*** Data provided ***

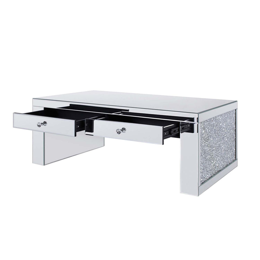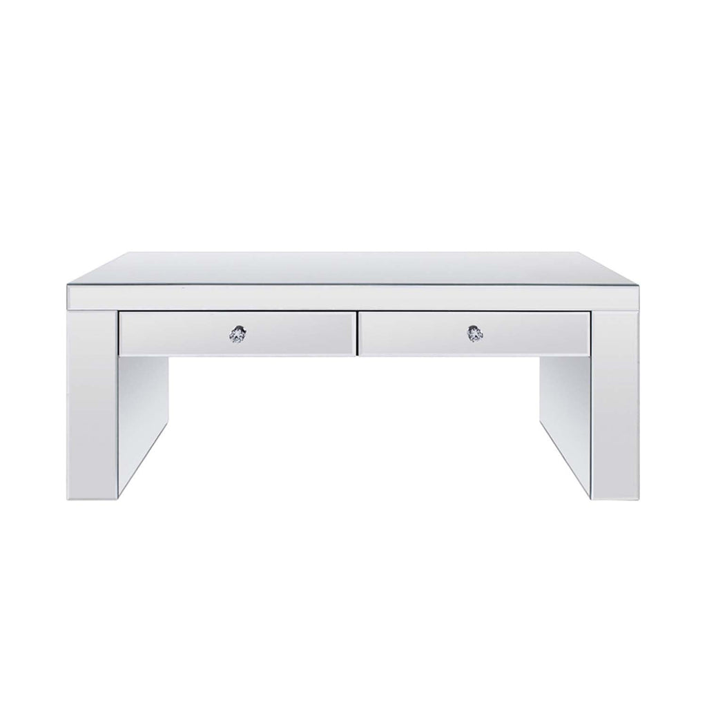 The Noralie Coffee Table will give any room a touch of glamour. This contemporary coffee table is fully mirrored with a stunning mirror top and a faux diamonds inlay on each leg of its sled base. Use this unique piece as the perfect accent for any room Decor. Two storage drawers provide ample and convenient storage for makeup brushes, jewelry, and more.
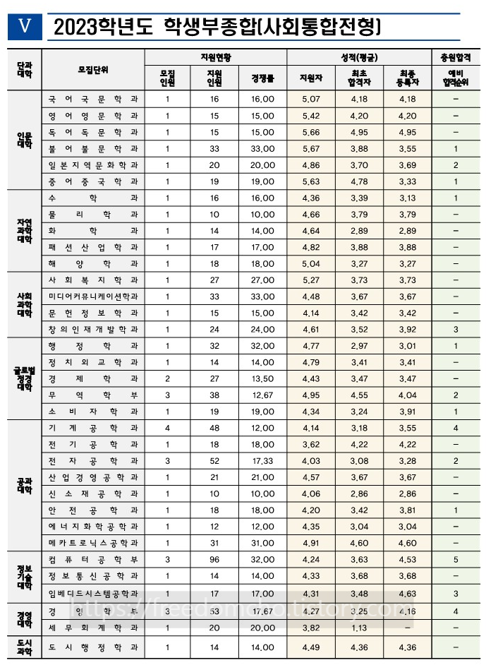 1. 인천대 수시등급 2023 (교과성적우수자전형, 2023학년도 입학생 기준)
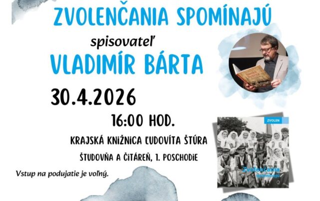 Vydavateľ publikácie OZ Chráňme dedičstvo predkov vás v spolupráci s Krajskou knižnicou Ľudovíta Štúra pozýva na slávnostné uvedenie novej knihy do života, Zvolenčania spomínajú. Podujatie prebehne za účasti autora, spisovateľa Vladimíra Bártu. Uskutoční sa v priestoroch študovne knižnice na 1. poschodí. Podujatie ponúka príležitosť stretnúť autora, vypočuť si zaujímavé rozprávanie o vzniku publikácie a spoločne si pripomenúť spomienky na Zvolen a jeho obyvateľov. Vstup je voľný.
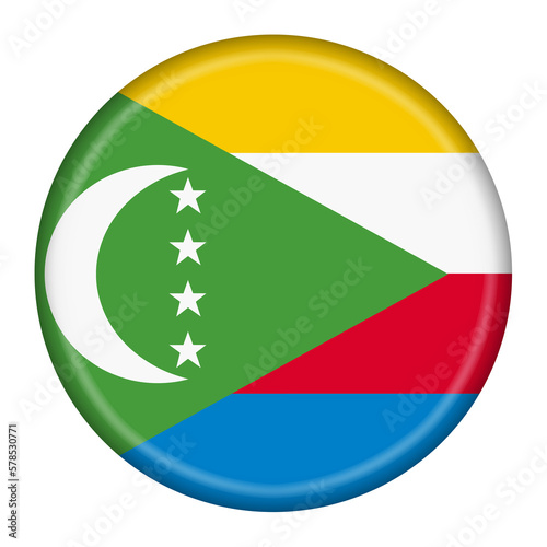 Comoros flag button 3d illustration with clipping path
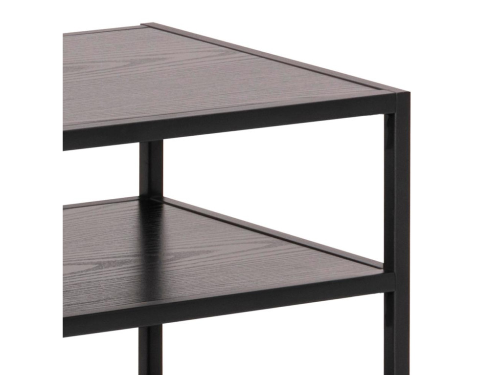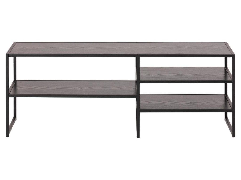 TV skrinka Seaford v čiernom prevedení prináša industriálny šmrnc a funkčný dizajn. Kovový rám a úložný priestor sú ideálne na techniku aj dekorácie. Asymetrické usporiadanie dodáva vizuálny záujem. Skvelo zapadne do moderných interiérov.

*** End of Data provided ***

How to complete this task
Each line from the one bearing "Vydavateľ publikácie OZ" through the final line of the records is to be copied exactly, and no pictures are to be included.

Finished task
 Vydavateľ publikácie OZ Chráňme dedičstvo predkov vás v spolupráci s Krajskou knižnicou Ľudovíta Štúra pozýva na slávnostné uvedenie novej knihy do života, Zvolenčania spomínajú. Podujatie prebehne za účasti autora, spisovateľa Vladimíra Bártu. Uskutoční sa v priestoroch študovne knižnice na 1. poschodí. Podujatie ponúka príležitosť stretnúť autora, vypočuť si zaujímavé rozprávanie o vzniku publikácie a spoločne si pripomenúť spomienky na Zvolen a jeho obyvateľov. Vstup je voľný.
 Comoros flag button 3d illustration with clipping path
 TV skrinka Seaford v čiernom prevedení prináša industriálny šmrnc a funkčný dizajn. Kovový rám a úložný priestor sú ideálne na techniku aj dekorácie. Asymetrické usporiadanie dodáva vizuálny záujem. Skvelo zapadne do moderných interiérov.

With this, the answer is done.